Я не перестаю повторять: облекайте все ваши уроки молодым людям в форму поступков, а не речей; пусть они не учат по книгам того, чему может научить их опыт. Какая нелепая задача — упражнять их в искусстве говорить без всякого намерения что-либо сказать; давать чувствовать энергию языка страстей и всю силу искусства убеждать — на школьной скамье, когда у них нет никакого интереса кого-нибудь и в чем-нибудь убеждать! Все правила риторики кажутся лишь пустою болтовней тому, кто не знает, как применить их в свою пользу. Для чего знать ученику, каким способом Ганнибал склонял солдат к переходу через Альпы? Если бы вместо этих великолепных речей вы показали ему, как он должен приняться за дело, чтоб убедить своего надзирателя дать ему отпуск, будьте уверены, что он внимательнее отнесся бы к вашим правилам.

Если б я захотел преподавать риторику молодому человеку, у которого все страсти уже развились, то я представлял бы ему беспрестанно предметы, способные польстить его страстям, и исследовал бы вместе с ним, каким языком он должен говорить с другими людьми, если хочет принудить их благоприятствовать его желаниям. Но Эмиль мой находится в положении не столь выгодном для ораторского искусства; ограничиваясь почти одними физическими потребностями, он менее нуждается в других, чем другие в нем; а так как ему нечего просить у них для себя самого, то вещь, в которой он хочет убедить, не настолько его трогает, чтоб он стал чрезмерно волноваться. Отсюда следует, что речь его будет вообще проста и бедна образами. Слова он употребляет обыкновенно в собственном смысле и только для того, чтобы его попяли. Он мало говорит сентенциями, потому что не научился обобщать своих идей; у него мало образов, потому что он редко бывает страстен.

Это не значит, однако, чтобы он был совершенно флегматичным и равнодушным; этого не допускают ни лета его, ни нравы, ни вкусы; в годы пылкой юности живительные соки, задерживаемые и перегоняемые в крови, придают его молодому сердцу жар, который блестит в его взорах, чувствуется в речах, замечается в поступках. Речь его получила выразительность, а порой в ней слышится и пылкость. Благородное чувство, ее внушающее, придает ей силу и возвышенность; проникнутый нежною любовью к человечеству, он в словах передает движение души своей; в смелой его откровенности заключается нечто более пленительное, чем в искусственном красноречии других, или, лучше сказать, один он истинно красноречив, потому что ему стоит лишь показать, что он чувствует,— и он уже сообщает свои чувства слушателям.

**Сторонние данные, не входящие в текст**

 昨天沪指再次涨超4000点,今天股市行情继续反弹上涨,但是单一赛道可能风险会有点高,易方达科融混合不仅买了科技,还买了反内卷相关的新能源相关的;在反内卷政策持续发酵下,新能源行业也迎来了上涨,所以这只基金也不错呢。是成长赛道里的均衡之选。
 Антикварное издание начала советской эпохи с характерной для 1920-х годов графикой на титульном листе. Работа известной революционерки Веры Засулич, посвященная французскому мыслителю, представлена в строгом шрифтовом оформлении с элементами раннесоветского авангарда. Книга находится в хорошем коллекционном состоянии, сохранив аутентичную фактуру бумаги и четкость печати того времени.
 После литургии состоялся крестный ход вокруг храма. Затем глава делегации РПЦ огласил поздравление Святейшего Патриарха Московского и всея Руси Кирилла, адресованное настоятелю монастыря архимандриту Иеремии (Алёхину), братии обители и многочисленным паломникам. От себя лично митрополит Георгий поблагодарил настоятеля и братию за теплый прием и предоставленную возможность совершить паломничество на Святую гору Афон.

Чем больше я думаю, тем больше убеждаюсь, что если практиковаться подобным образом в добрых делах, извлекать из удач или неудач размышления о причине их, то мало окажется полезных познаний, которых нельзя было бы принять в уме молодого человека, и что вдобавок ко всем истинным знаниям, которые можно приобрести в школах, он приобретет, кроме того, еще более важное знание, именно умение применять приобретенное к потребностям жизни. Невозможно, чтобы, принимая столько участия в ближних, он с ранних пор не научился взвешивать и оценивать их действия, вкусы, удовольствия и вообще давать тому, что может содействовать или вредить людскому счастью, оценку более правильную, чем это могли бы сделать те, которые, ни в ком не принимая участия, ничего никогда не делали для другого. Кто всегда занят только собственными делами, тот становится слишком пристрастным и не может здраво судить о вещах. Относя все к себе одному и собственною выгодой регулируя свои понятия о добре и зле, он наполняет ум свой тысячью смешных предрассудков и во всем, что приносит малейший вред его интересам, тотчас видит гибель всей Вселенной.

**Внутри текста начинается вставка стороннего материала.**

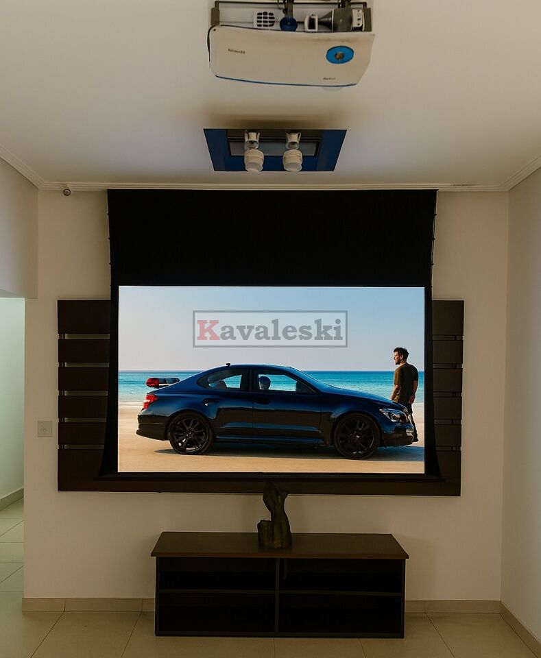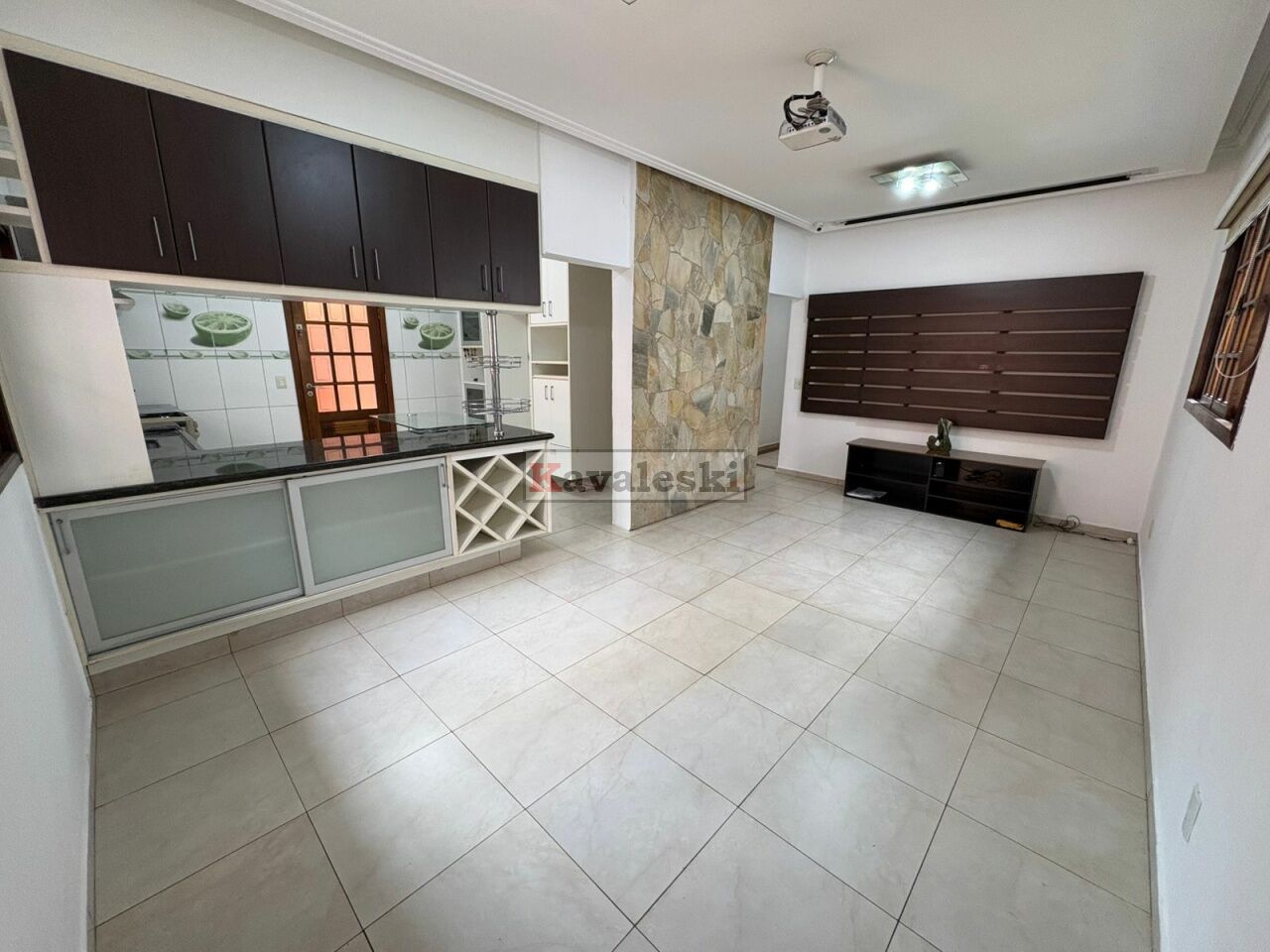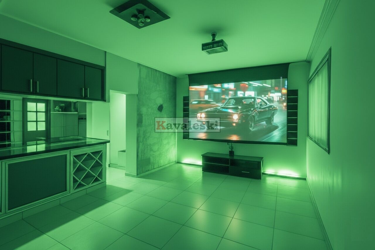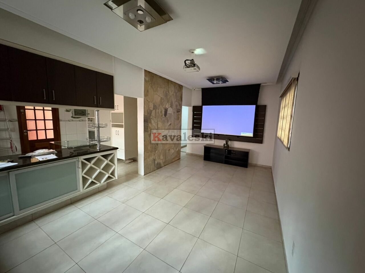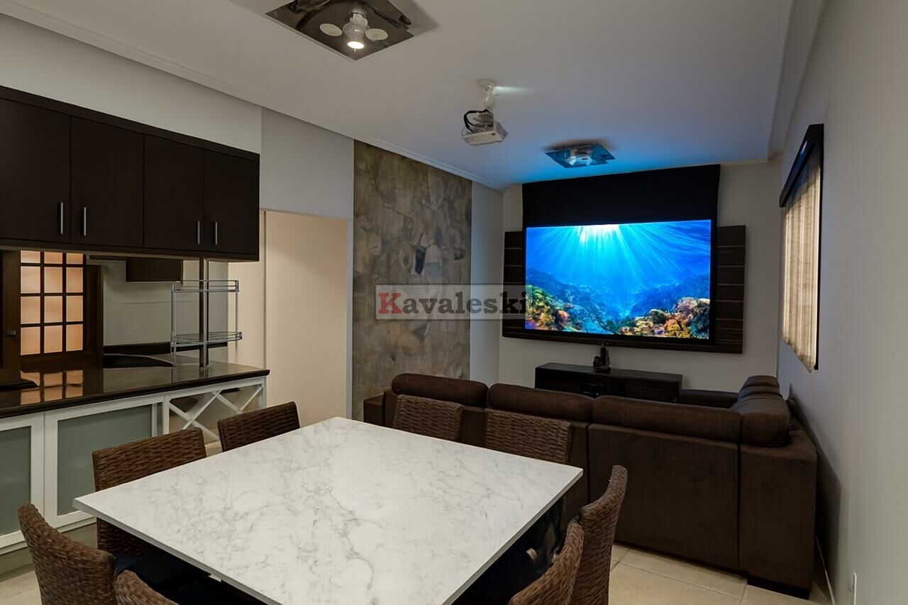 Sala de jantar + sala de estar com home theater: telão e projetor tudo com controle remoto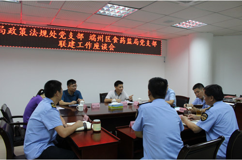 根据省食品药品监督管理局机关党委开展联建基层、提升监管效能活动的工作部署,省局政策法规处与联建对象肇庆市端州区食品药品监督管理局党支部进行了沟通和联系,并了解掌握了联建单位的工作需求。在此基础上,省局政策法规处党支部一行于2015年7月28日在端州区局召开联建工作座谈会,签署联建工作备忘录,正式开展省局政策法规处党支部联建服务工作。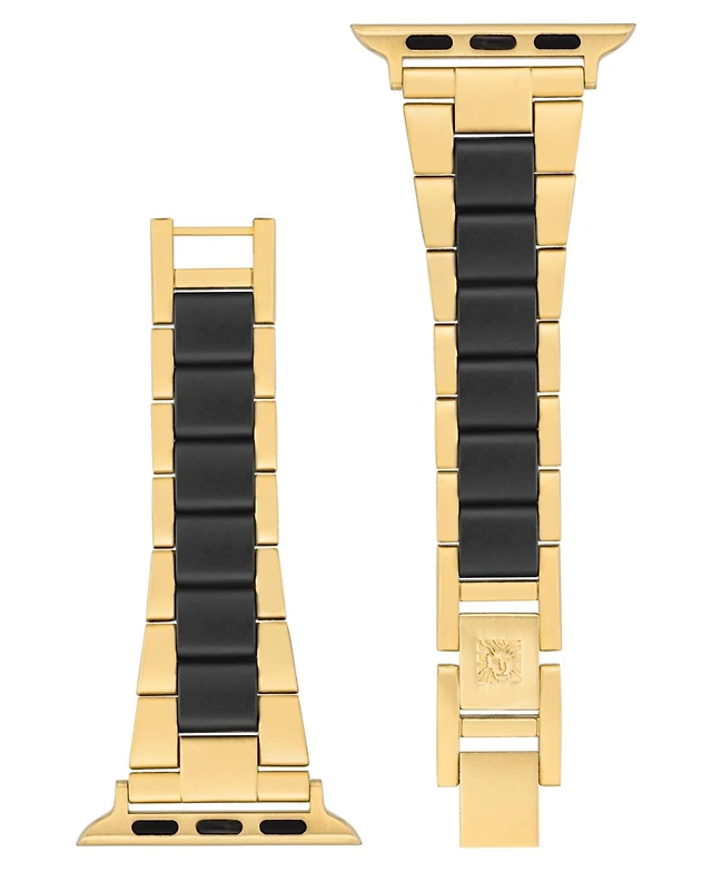 Anne Klein Women's Gold-Tone and Black Tide Plastic Bracelet designed for Apple Watch 42mm (Series 10) & 38/40/41mm

Распространим свое самолюбие на другие существа — таким путем мы превратим его в добродетель, и нет человеческого сердца, в котором эта добродетель не имела бы корня. Чем менее предмет наших забот касается непосредственно нас самих, тем менее приходится бояться обольщения личным интересом; чем больше обобщается этот интерес, тем больше в нем справедливости, а наша любовь к человеческому роду есть не что иное, как любовь к справедливости. Итак, если мы хотим, чтоб Эмиль любил правду, если хотим, чтоб он ее знал, то будем в делах всегда держать его далеко от личного его интереса. Чем более его заботы посвящены будут чужому счастью, тем просвещеннее они будут и мудрее и тем менее он будет ошибаться в оценке добра и зла; но никогда не допускайте в нем слепого предпочтения, основанного единственно на лицеприятии или несправедливом предубеждении. Да и зачем он стал бы одному вредить, чтобы услужить другому? Для него не важно, на чью долю выпадает больше счастья,— лишь бы содействовать наибольшему счастью всех; а в этом и состоит первый интерес мудреца, после личного интереса, ибо каждый есть часть своего рода, а не часть другого индивида.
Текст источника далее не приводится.